» HOW TO COMPLETE THIS TASK: Reproduce the opening lines of the listing below exactly, stopping after the line that contains "企業デザイナーとしての仕事の" and leaving out any pictures.
----- PROVIDED MATERIAL -----
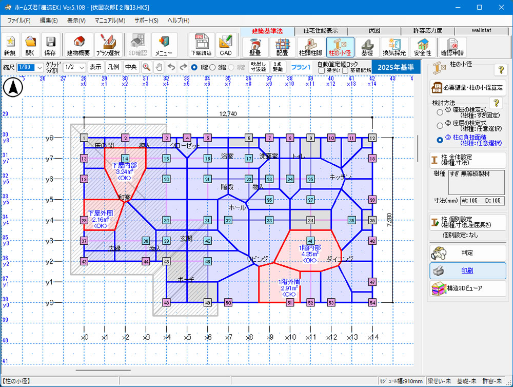 2025年法改正で求められるようになった「柱の小径」の検討。
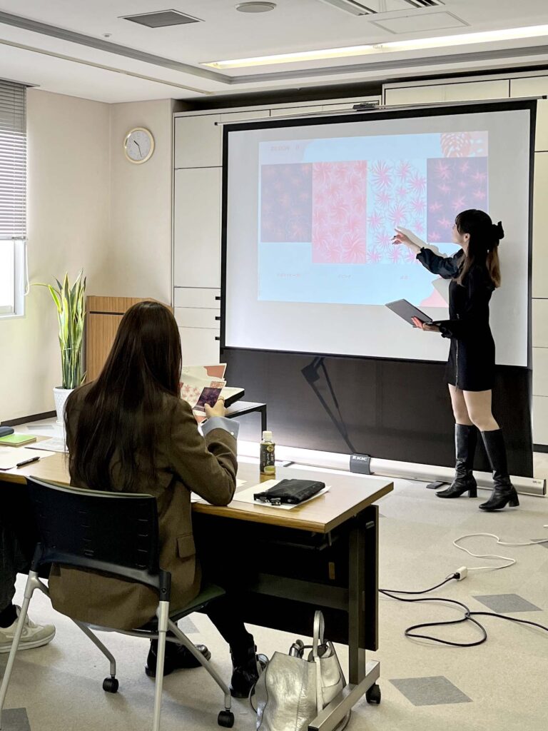 企業デザイナーとしての仕事の流れを把握し、卒業後に即戦力として活躍できる能力向上を図るため、企業、ブランドリサーチを含め、柄のデザインを手掛けることができる今回の企業コラボ。学生たちにとって非常に貴重な経験となりました。
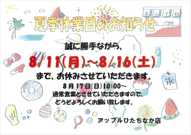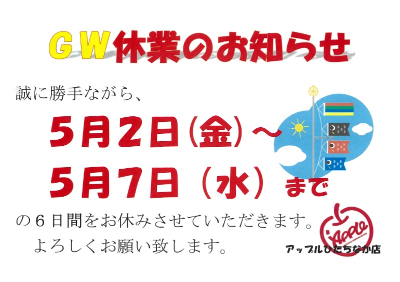 お車のご相談・ 査定だけでもOK! カンタン 入力 30秒 アップルがブランド買取始めました! お電話でも受付中! 受付時間 9:30~18:30 029-352-2311 お車のご相談・ 査定だけでもOK! カンタン 入力 30秒 アップルがブランド買取始めました! お電話でも受付中! 受付時間 9:30~18:30 029-352-2311 アップルがブランド買取始めました! お電話でも受付中! 受付時間 9:30~18:30 029-352-2311 店舗情報 在庫車 スタッフ紹介 ブログ お客様の声 キャンペーン 無料査定 click 最新記事一覧 月別アーカイブ 2026年04月(4)2026年03月(3)2026年02月(1)2026年01月(6)2025年12月(2)2025年11月(1)2025年10月(3)2025年09月(1)2025年08月(2)2025年07月(1)2025年06月(1)2025年05月(2)2025年04月(2)2025年03月(1)2025年01月(2)2024年12月(2)2024年11月(1)2024年10月(1)2024年08月(6)2024年07月(2)2024年06月(1)2024年05月(1)2024年04月(3)2024年02月(1)2024年01月(1)2023年12月(1)2023年11月(2)2023年10月(1)2023年09月(4)2023年08月(2)2023年07月(1)2023年06月(1)2023年05月(1)2023年04月(3)2023年03月(3)2023年01月(1)2022年12月(2)2022年11月(1)2022年10月(1)2022年09月(1)2022年08月(3)2022年05月(3)2022年04月(2)2022年02月(1)2022年01月(1)2021年12月(2)2021年11月(3)2021年10月(2)2021年09月(1)2021年07月(4)2021年06月(1)2021年05月(2)2021年04月(2)2021年02月(1)2021年01月(1)2020年12月(1)2020年10月(1)2020年08月(2)2020年06月(3)2020年05月(2)2020年04月(1)2020年03月(1)2020年02月(1)2020年01月(2)2019年12月(3)2019年11月(3)2019年10月(2)2019年09月(1)2019年08月(2)2019年07月(1)2019年06月(3)2019年05月(1)2019年04月(1)2019年03月(1)2019年02月(1)2019年01月(3)2018年12月(2)2018年11月(1)2018年10月(1)2018年08月(2)2018年06月(3)2018年04月(2)2018年03月(1)2018年02月(1)2018年01月(2)2017年12月(1)2017年11月(3)2017年10月(2)2017年08月(4)2017年07月(2)2017年06月(1)2017年05月(2)2017年04月(1)2017年03月(2)2017年02月(2)2017年01月(4)2016年12月(2)2016年11月(2)2016年10月(2)2016年09月(2)2016年08月(2)2016年07月(1)2016年06月(3)2016年04月(3)2016年03月(2)2016年02月(5)2016年01月(9) 21-30/213件中 [ つぶやき ] 2025/09/29(月) 17:36 ~10月も買取強化中~ いつも、アップルひたちなか店をご利用下さり、ありがとうございます☺9月もたくさんのお客様とのご縁があり、在庫車輌が足りません(;∀;)✨なので、10月も買取強化実施中ですので、ぜひアップルひたちなか店へ査定ご依頼下さい!(^^)!来店査定はもちろん、出張査定のご相談も可能ですので、お気軽にご… [ つぶやき ] 2025/08/19(火) 16:02 ~那珂市のだぼう~ こんにちは♪先日、姉妹店のアップル那珂中央店のすぐ近くにある、お蕎麦屋さんだぼうにスタッフ同士で行ってきました😋地元でも人気のお店なので、お昼時で並んでましたが、外には座るスペースもありますし、涼しげなめだかさんもいてお店の雰囲気も良かったです(^^♪車の中で待つこともできるようです!(^^… [ つぶやき ] 2025/08/05(火) 10:17 ~夏季休業日のお知らせ~ 🍎アップルひたちなか店🍎8/11~8/16まで夏季休業をいただきます🍉連休中のお問い合わせにつきましては、8/17(日)より順次ご対応させていただきますのでご了承下さいますようお願いいたしますm(__)m猛暑が続きますが、体調管理に気をつけて安全に夏を楽しみましょう🌞 [ 入庫情報 ] 2025/07/15(火) 16:03 ~おすすめ在庫車ございます~ 入庫したばかりの綺麗なおすすめの在庫車3台です\(^o^)/まずはトヨタヤリスクロスHVZ❣🍎令和5年🍎15,000kmディスプレイオーディオ♡ナビ♡シートヒーター♡BSM♡4WDそして日産ルークスハイウェイスターGターボ❣🍎令和4年🍎36,000km☆両側ハンズフリーオートスライドドア☆… [ つぶやき ] 2025/06/03(火) 10:53 ~6月も買取強化中(*^-^*)~ 6月も引き続き買取強化中です(*^-^*)ぜひ、皆様の大切なご愛車の買取査定等、アップルひたちなか店へご相談ください!(^^)!古いお車でもしっかり丁寧に査定させていただきます☺無料出張査定も可能です(^^♪中古車販売もご相談ください❣梅雨時期でジメジメすっきりしない空ですね🐸ぜひ、お待ちし… [ つぶやき ] 2025/05/24(土) 13:07 ~決算につき車輛不足中です(´;ω;`)~ 緊急です(;∀;)アップルひたちなか店決算につきお車のご契約を多数いただけた為、店舗の在庫車輛がまだまだ不足中です(;´・ω・)お車のお乗り換え、ご売却をお考えの方☆☆☆買取り強化中のアップルひたちなか店へぜひご依頼ください\(^o^)/無料出張査定も可能ですので、お気軽にお問い合わせ下さい… [ つぶやき ] 2025/05/11(日) 11:25 ~買取☆販売☆お任せください~ こんにちは(^^♪今年も自動車税納付の時期がやってきましたね(;∀;)GW連休もあっという間に終わり、アップルひたちなか店は通常営業しておりますので、お車の無料査定❣中古車販売❣ご来店をお待ちしております\(^o^)/ [ つぶやき ] 2025/04/27(日) 14:21 ~GW休業のお知らせ~ アップルひたちなか店🍎5/2(金)~5/7(水)までGW休業期間とさせていただきます☺連休中のお問い合わせにつきましては、5/8(木)より順次ご対応させていただきますので、ご理解の程宜しくお願い致しますm(__)mどうぞ、よろしくお願い致します。 [ 未分類 ] 2025/04/11(金) 16:49 ~桜満開のときに♪~ こんにちは♪桜が満開になった先日、スタッフ3人でプラっとお
-----
» RESULT OF THE EXERCISE:
 2025年法改正で求められるようになった「柱の小径」の検討。
 企業デザイナーとしての仕事の流れを把握し、卒業後に即戦力として活躍できる能力向上を図るため、企業、ブランドリサーチを含め、柄のデザインを手掛けることができる今回の企業コラボ。学生たちにとって非常に貴重な経験となりました。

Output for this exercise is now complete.